▶ [WHAT NEEDS TO BE DONE] Only the lines from the one that contains "Line pressure regulators" through the last line of the data below should be duplicated, exactly and without pictures.

*** Block opens ***

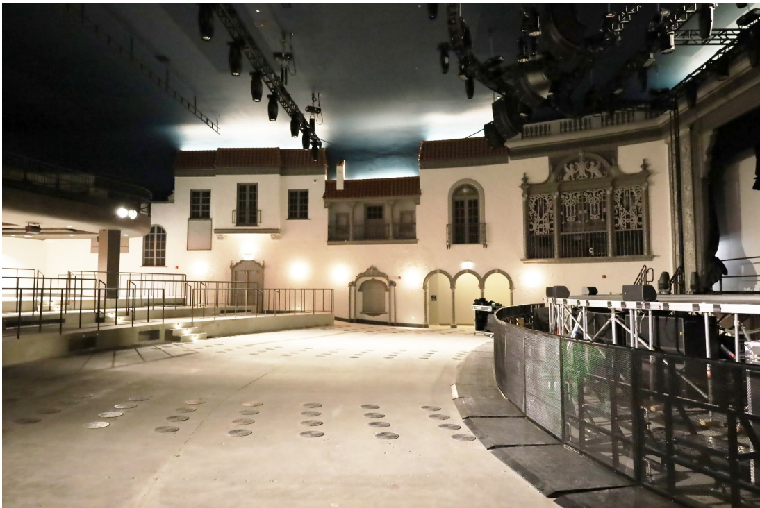
The theater lobby (above) and auditorium (below) have been completely restored in 2023 after decades of neglect and water infiltration. Both spaces continue the Spanish theme of the exterior to create the atmosphere of a Spanish courtyard rendered in decorative plaster. The auditorium has been converted from a motion picture theater to a performance venue requiring the removal of seating, floor leveling, a new stage and stage lighting.
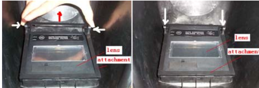
Picture 2. Pull out and install lens

·Step 4: Put the lens back. First put the bottom edge of the attachment and lens together. Then put them down into the cassette square of the helmet, with the two holes of them onto the two knots of the cassette square. At the end, put the ear of the attachment directly down. You can hear a “click”, that is ok.
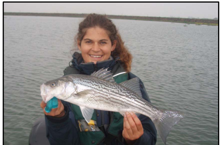
...and a striped bass!
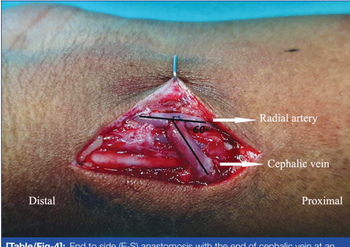
[Table/Fig-4]: End to side (E-S) anastomosis with the end of cephalic vein at an angle of about 60° to the radial artery.
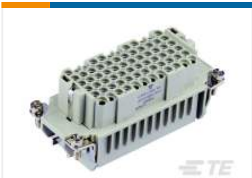
TE Part #T2030722201-000 HDD-072-F
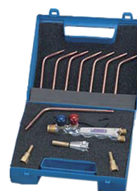
ORBIT L/W WELDING OUTFIT 81903
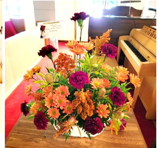
East River Electric Employees
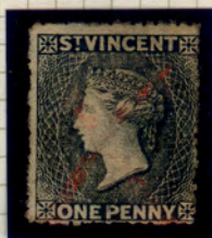
SG 18 ex Jaffe'
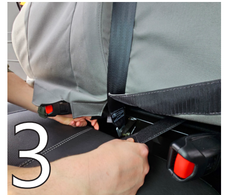
The long tabs on the left and right get secured to each other behind the seat.

Pulling this tight is key to a great fit!
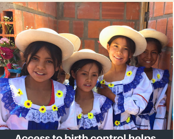
Access to birth control helps keep young women in school
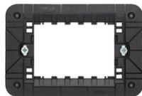
30613 - Frame 3M + screws
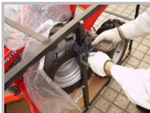
Remove all loose components from the metal crate.
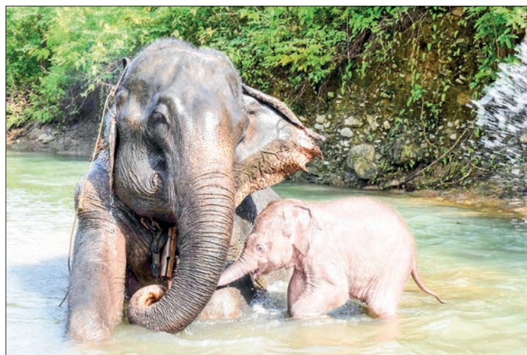
The new White Elephant is pictured playing happily in the water.
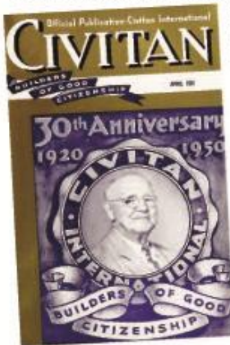
Cover of 1950 Civitan Magazine, celebrating the 30th anniversary of becoming an International Club

The club published a weekly newsletter, Civitates , which included biographies of members, inspirational features and Club information. The April 1920 Civitates included an article offering $100 in gold for the best submission of a club song. The article called for a "...snappy, tuneful, zippy song that Builders of Good Citizenship can sing at their luncheons and national conventions". Typifying Progressive Era activism, Birmingham Civitans determined to go beyond their routine business and professional activities by initiating unified and systematic community project.
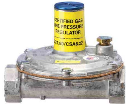
R325P32-0711-11_R625P42-0711-11 (2 PSIG Gas System)

Line pressure regulators for 2 psi piping systems for use on residential, commercial and industrial applications. Features a high leverage linkage assembly to deliver positive dead-end lock-up. The regulators are capable of precise regulating control from full flow down to pilot flow. Housings are high strength aluminum castings and all models are suitable for multi-positional mounting. If ball check vent limiting device is installed, mount in an upright position only.
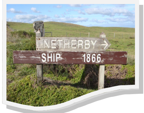
Netherby Cove, King Island.

2nd Edition now available. Orders via www.burgewoodbooks.com.au
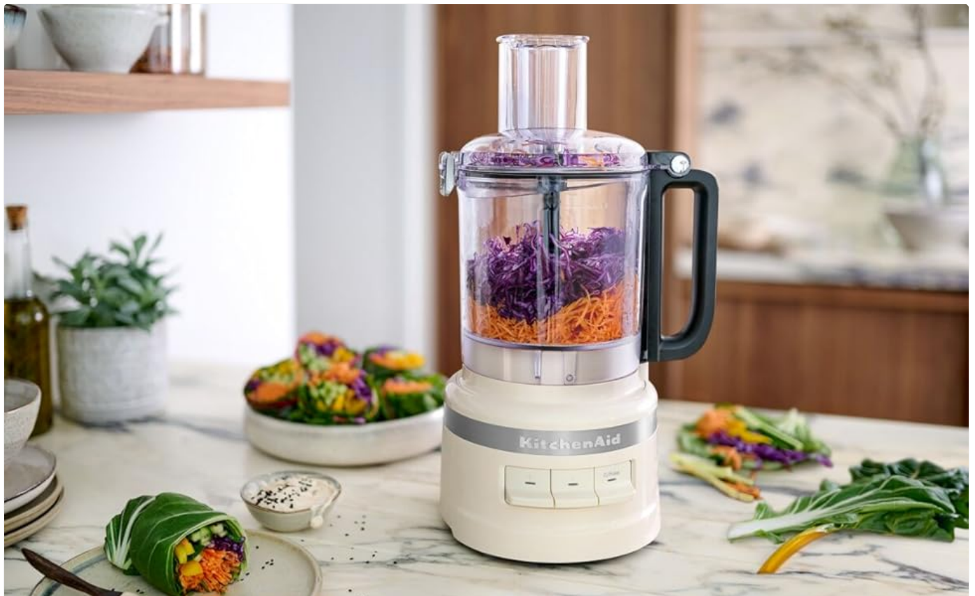
Figure 5: The KitchenAid Food Processor fully assembled on a kitchen counter, ready for use, with various ingredients prepared for processing.
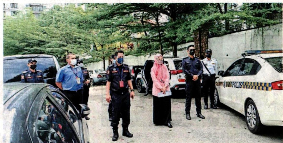
■ 联合取缔行动。 梳邦再也市政厅和警察针对非法泊车，采取

(吉隆坡23日讯)非法泊车，妨碍交通，梳邦再也市政厅和警察采取联合取缔行动，合共开出112张罚单！
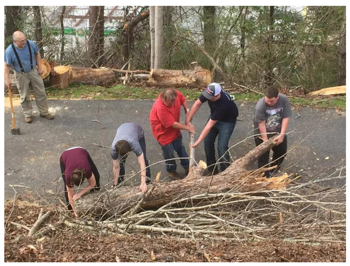
JROTC cadets and a volunteer helper removing tree from the road

*** Block closes ***

▶ [YOUR RESPONSE]
Line pressure regulators for 2 psi piping systems for use on residential, commercial and industrial applications. Features a high leverage linkage assembly to deliver positive dead-end lock-up. The regulators are capable of precise regulating control from full flow down to pilot flow. Housings are high strength aluminum castings and all models are suitable for multi-positional mounting. If ball check vent limiting device is installed, mount in an upright position only.
Netherby Cove, King Island.

2nd Edition now available. Orders via www.burgewoodbooks.com.au
Figure 5: The KitchenAid Food Processor fully assembled on a kitchen counter, ready for use, with various ingredients prepared for processing.
■ 联合取缔行动。 梳邦再也市政厅和警察针对非法泊车，采取

(吉隆坡23日讯)非法泊车，妨碍交通，梳邦再也市政厅和警察采取联合取缔行动，合共开出112张罚单！
JROTC cadets and a volunteer helper removing tree from the road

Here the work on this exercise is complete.